Automatic Construction and Automated Fault Repair of MySQL MGR Cluster Single-master Mode

Keywords: MySQL SQL

/*
the waiting game:
Although life is so difficult, don't give up; don't compromise; don't lose hope.
*/

 

With the upgrade of MySQL MGR version and the maturity of technology, MGR has become the preferred solution for high availability of MySQL after MHA has been pulled down from the altar.
The construction of MGR is not very complicated, but there are a series of manual operation steps.
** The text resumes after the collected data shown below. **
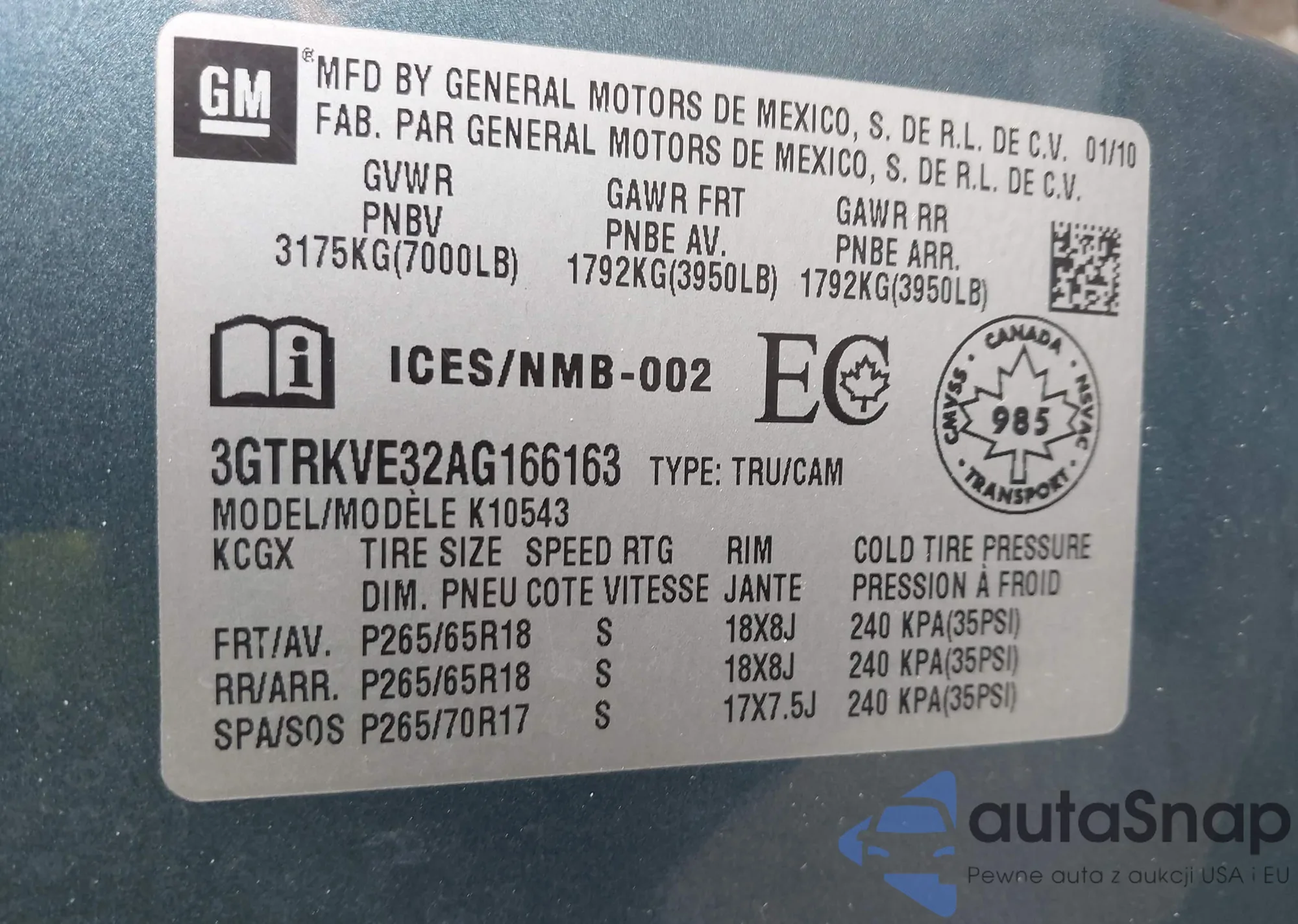 • VIN 3GTRKVE32AG166163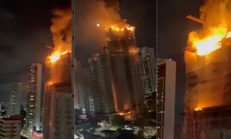 Um incêndio de grandes proporções atingiu um edifício na zona oeste de Recife (PE) na noite desta quinta-feira (28). Imagens registradas por moradores do entorno, publicadas no X (antigo Twitter), mostram o imóvel em chamas e fragmentos da estrutura caindo da edificação, que tem mais de 20 andares e está em construção. Em comunicado, construtora Carrilho, responsável pelo empreendimento, afirmou que não houve registro de feridos.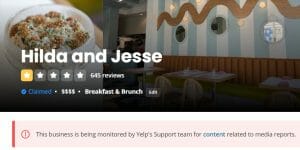 One Star. And note the banner across the bottom. (Author screenshot from Yelp.)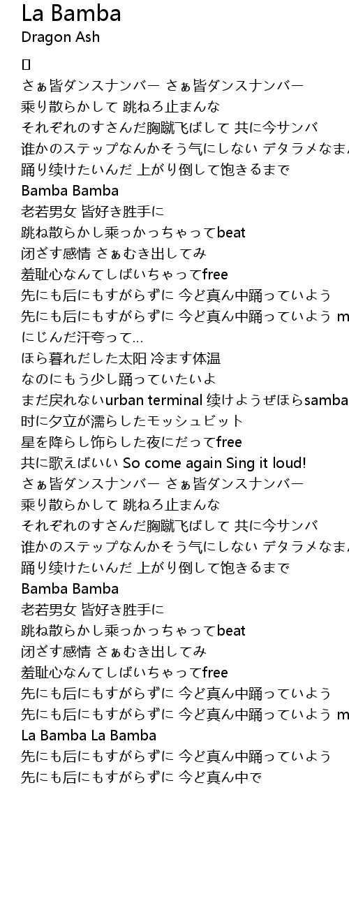 | それぞれのすさんだ胸蹴飞ばして 共に今サンバ | |
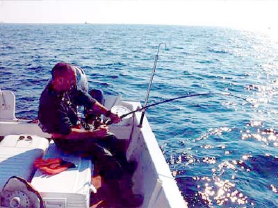 the harpoon on top of the cabin, and hit the fish. Gary yelled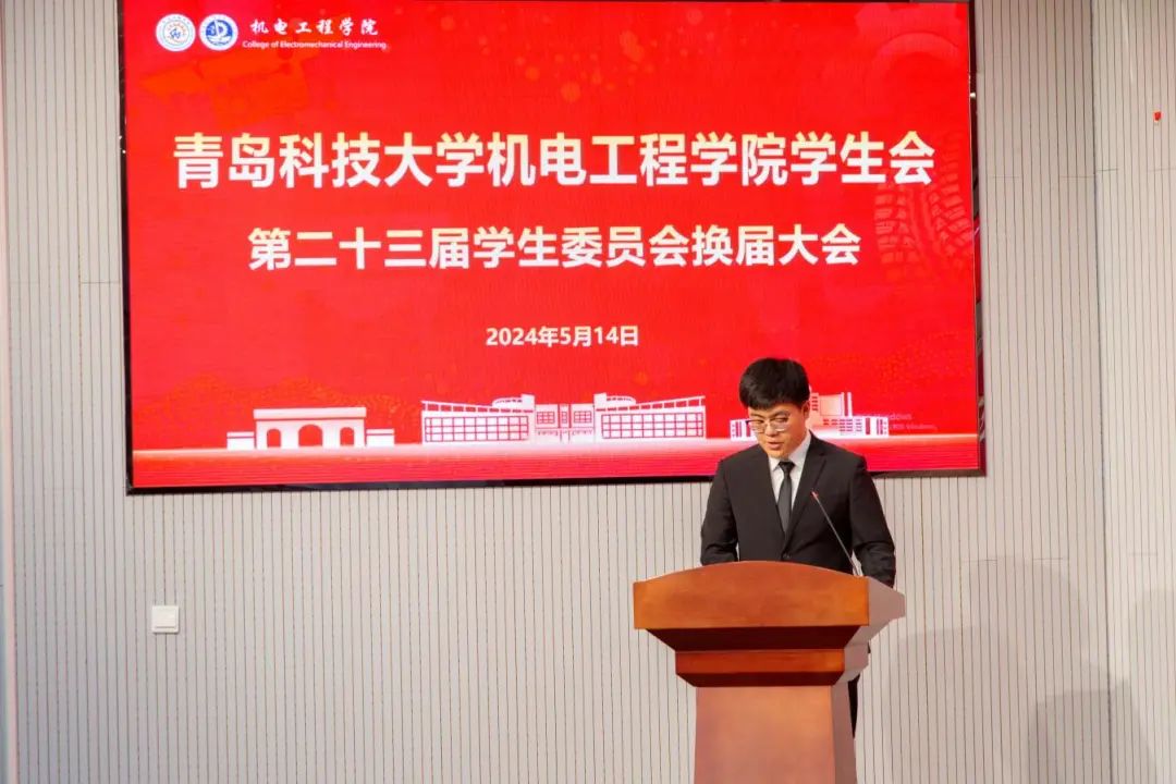 逄柏鹏书记宣读《关于聘任tyc7111cc太阳成集团第二十三届学生会委员主席团、各部门负责人的决定》,并为第二十三届学生委员会主席团、各部门负责人颁发聘书。

In order to simplify the construction and fault diagnosis of MGR, an automated script is completed here to realize the automated construction, automated fault diagnosis and repair of MGR.

 

Automation of MGR
For the sake of simplicity, the test is carried out in the mode of single machine and multiple instances.
Firstly, three MySQL instances are installed. The port number is 7001,7002,7003, of which 7001 is the write node, and the other two nodes are the read section. 8000 nodes are another test node of the author. Please ignore it.
When the master and slave nodes are specified, the following test demo is used to build the MGR cluster for the mgr_tool.py key

 

MGR Fault Simulation 1

The MGR node fault automatic monitoring and self-healing are realized. The following is the MGR cluster built after completion. At present, the cluster is in a completely normal state.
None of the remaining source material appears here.